This is the first in a series of discussions about issues that arise on a regular basis after policyholders file an insurance claim.
Many liability insurance policies require the insurer to defend the insured. This “duty to defend” usually includes the right to select defense counsel – typically “panel counsel” from a list of pre-approved law firms – and control the defense. The relationship between the insurer, defense counsel, and the policyholder is known the “insurance triangle” (think Bermuda triangle) because it is laden with pitfalls.
Specifically, when an insurer reserves its right to later deny coverage, the interests of the policyholder and insurer are not aligned. The policyholder is not only confronted with potentially uninsured liability, but the possibility that at any point, the insurer may cease paying attorneys’ fees and costs, and perhaps assert it is entitled to reimbursement of the fees and costs already paid.
Conflicts That Can Arise from a Reservation of Rights
A reservation of rights may also create a conflict of interest that entitles the policyholder to select its own counsel paid for by the insurer. Conflicts most frequently arise when a complaint alleges a mix of claims, with some claims covered and others not. Mutually exclusive claims are especially problematic – for example, if negligence is established, the insured has coverage, but if intentional conduct is proved, there is none.
The crux of the problem is the insurer’s financial interest in a result supporting non-coverage. The chief concern is “steering” – the possibility that defense counsel could steer the litigation in favor of non-coverage by developing facts or pursuing a strategy that leads to judgment on an uncovered cause of action. The insurer and panel counsel likely have a long-standing relationship and panel counsel has a personal financial interest in continuing to get the insurer’s work. If the insurer believes there will ultimately be no coverage, defense counsel may mount a less than robust defense.
When Is Independent Counsel Required?
States have taken different approaches to determining when a reservation of rights triggers the right to independent counsel. In a few states, like Mississippi, the right arises automatically when an insurer reserves rights.

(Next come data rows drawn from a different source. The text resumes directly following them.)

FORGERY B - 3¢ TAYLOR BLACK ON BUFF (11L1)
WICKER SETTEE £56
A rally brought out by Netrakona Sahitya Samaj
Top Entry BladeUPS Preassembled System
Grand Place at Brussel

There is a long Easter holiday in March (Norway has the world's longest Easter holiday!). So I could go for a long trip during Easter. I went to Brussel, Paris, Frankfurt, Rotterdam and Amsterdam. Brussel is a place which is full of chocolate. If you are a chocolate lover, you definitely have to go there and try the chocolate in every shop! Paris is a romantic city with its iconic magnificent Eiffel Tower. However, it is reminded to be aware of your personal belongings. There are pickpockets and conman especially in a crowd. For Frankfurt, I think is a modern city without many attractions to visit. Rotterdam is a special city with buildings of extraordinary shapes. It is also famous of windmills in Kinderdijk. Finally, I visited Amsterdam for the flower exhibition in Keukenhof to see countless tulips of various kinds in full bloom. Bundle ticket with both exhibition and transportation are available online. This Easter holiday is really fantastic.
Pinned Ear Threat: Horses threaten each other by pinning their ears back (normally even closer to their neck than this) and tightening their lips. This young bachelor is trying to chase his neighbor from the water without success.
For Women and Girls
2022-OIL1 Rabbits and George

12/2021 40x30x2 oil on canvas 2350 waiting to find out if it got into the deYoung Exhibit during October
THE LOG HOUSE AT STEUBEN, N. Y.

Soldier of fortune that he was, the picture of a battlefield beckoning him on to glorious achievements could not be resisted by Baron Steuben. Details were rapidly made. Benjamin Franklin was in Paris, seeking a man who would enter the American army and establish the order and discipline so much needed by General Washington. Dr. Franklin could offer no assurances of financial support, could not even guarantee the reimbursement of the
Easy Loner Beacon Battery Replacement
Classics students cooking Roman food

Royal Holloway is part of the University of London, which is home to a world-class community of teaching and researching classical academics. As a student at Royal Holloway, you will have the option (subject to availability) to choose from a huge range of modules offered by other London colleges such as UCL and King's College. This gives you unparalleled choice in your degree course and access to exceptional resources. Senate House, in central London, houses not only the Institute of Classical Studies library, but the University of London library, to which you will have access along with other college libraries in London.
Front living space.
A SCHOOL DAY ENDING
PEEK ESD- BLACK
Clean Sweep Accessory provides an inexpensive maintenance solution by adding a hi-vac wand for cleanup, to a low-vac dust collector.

On the opposite end of the spectrum, there is no right to independent counsel in Hawaii, where defense counsel are solely responsible for managing conflicts of interests under rules of ethics. Some states, like Washington and Alabama, impose an enhanced obligation of good faith on both appointed counsel and the insurer.
Most states, like Texas, require a case-by-case examination of the facts and a showing of an actual, present conflict of interest. The analysis focuses on how the potential coverage issues intersect with the issues of fact in the underlying litigation. Generally, if coverage depends on the same facts to be decided in the underlying suit, the insured is entitled to independent counsel. Another relevant factor is whether the insurer could obtain privileged information from defense counsel that could be used to defeat coverage. When there is a conflict of interest, the insured’s contractual duty to cooperate with the insurer does not require waiver of the attorney-client privilege.
Policyholders should routinely consider potential conflicts of interest upon receipt of a reservation of rights letter and reassess periodically as the underlying litigation progresses. Insurers are unlikely to raise the issue unprompted.
Invoking the independent counsel rule, when warranted, not only prevents entanglement in a conflict of interest, but it may ultimately prevent a second litigation between the policyholder and insurer over coverage.